**TASK ITEM:** Two lines in the listing below mark the span: one contains "Unser lieber AH" and one contains "La villa cuenta". Reproduce both of them and everything between, exactly.

**DATA FOR REVIEW:**
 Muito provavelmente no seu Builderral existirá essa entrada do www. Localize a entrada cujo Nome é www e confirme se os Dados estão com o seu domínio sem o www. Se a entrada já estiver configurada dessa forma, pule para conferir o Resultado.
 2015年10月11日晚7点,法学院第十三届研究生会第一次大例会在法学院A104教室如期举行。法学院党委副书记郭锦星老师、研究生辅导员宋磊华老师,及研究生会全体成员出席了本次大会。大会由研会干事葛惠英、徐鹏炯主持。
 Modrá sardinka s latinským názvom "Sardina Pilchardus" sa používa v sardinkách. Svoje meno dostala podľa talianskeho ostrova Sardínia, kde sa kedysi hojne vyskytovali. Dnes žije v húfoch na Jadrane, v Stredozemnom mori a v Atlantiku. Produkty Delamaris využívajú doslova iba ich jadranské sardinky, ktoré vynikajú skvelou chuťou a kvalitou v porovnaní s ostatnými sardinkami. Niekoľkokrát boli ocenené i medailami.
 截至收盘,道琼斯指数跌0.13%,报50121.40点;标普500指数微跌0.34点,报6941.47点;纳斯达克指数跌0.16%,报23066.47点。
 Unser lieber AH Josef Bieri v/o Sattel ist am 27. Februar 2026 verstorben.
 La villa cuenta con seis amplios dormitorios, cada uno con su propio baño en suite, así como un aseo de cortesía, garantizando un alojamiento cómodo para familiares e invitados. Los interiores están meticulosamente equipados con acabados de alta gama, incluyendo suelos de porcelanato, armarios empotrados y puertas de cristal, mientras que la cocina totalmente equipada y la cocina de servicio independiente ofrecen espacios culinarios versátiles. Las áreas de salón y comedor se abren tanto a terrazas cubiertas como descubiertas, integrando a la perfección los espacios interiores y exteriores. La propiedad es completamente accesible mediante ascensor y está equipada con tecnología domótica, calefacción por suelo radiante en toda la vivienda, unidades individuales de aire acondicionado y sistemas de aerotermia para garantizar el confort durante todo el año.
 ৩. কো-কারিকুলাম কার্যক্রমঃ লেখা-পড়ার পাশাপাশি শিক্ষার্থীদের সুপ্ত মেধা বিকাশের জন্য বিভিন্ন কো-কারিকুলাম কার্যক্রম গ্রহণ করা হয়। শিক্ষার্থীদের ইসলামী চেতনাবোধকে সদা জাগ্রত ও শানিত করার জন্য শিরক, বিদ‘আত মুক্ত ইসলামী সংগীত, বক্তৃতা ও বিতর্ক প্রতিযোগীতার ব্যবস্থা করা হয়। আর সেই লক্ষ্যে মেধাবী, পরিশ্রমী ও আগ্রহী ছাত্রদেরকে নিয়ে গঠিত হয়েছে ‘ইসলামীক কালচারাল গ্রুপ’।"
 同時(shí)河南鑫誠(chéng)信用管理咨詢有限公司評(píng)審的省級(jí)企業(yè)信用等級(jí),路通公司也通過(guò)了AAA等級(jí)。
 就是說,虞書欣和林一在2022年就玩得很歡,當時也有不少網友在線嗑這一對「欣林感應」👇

**EXERCISE ANSWER:**
 Unser lieber AH Josef Bieri v/o Sattel ist am 27. Februar 2026 verstorben.
 La villa cuenta con seis amplios dormitorios, cada uno con su propio baño en suite, así como un aseo de cortesía, garantizando un alojamiento cómodo para familiares e invitados. Los interiores están meticulosamente equipados con acabados de alta gama, incluyendo suelos de porcelanato, armarios empotrados y puertas de cristal, mientras que la cocina totalmente equipada y la cocina de servicio independiente ofrecen espacios culinarios versátiles. Las áreas de salón y comedor se abren tanto a terrazas cubiertas como descubiertas, integrando a la perfección los espacios interiores y exteriores. La propiedad es completamente accesible mediante ascensor y está equipada con tecnología domótica, calefacción por suelo radiante en toda la vivienda, unidades individuales de aire acondicionado y sistemas de aerotermia para garantizar el confort durante todo el año.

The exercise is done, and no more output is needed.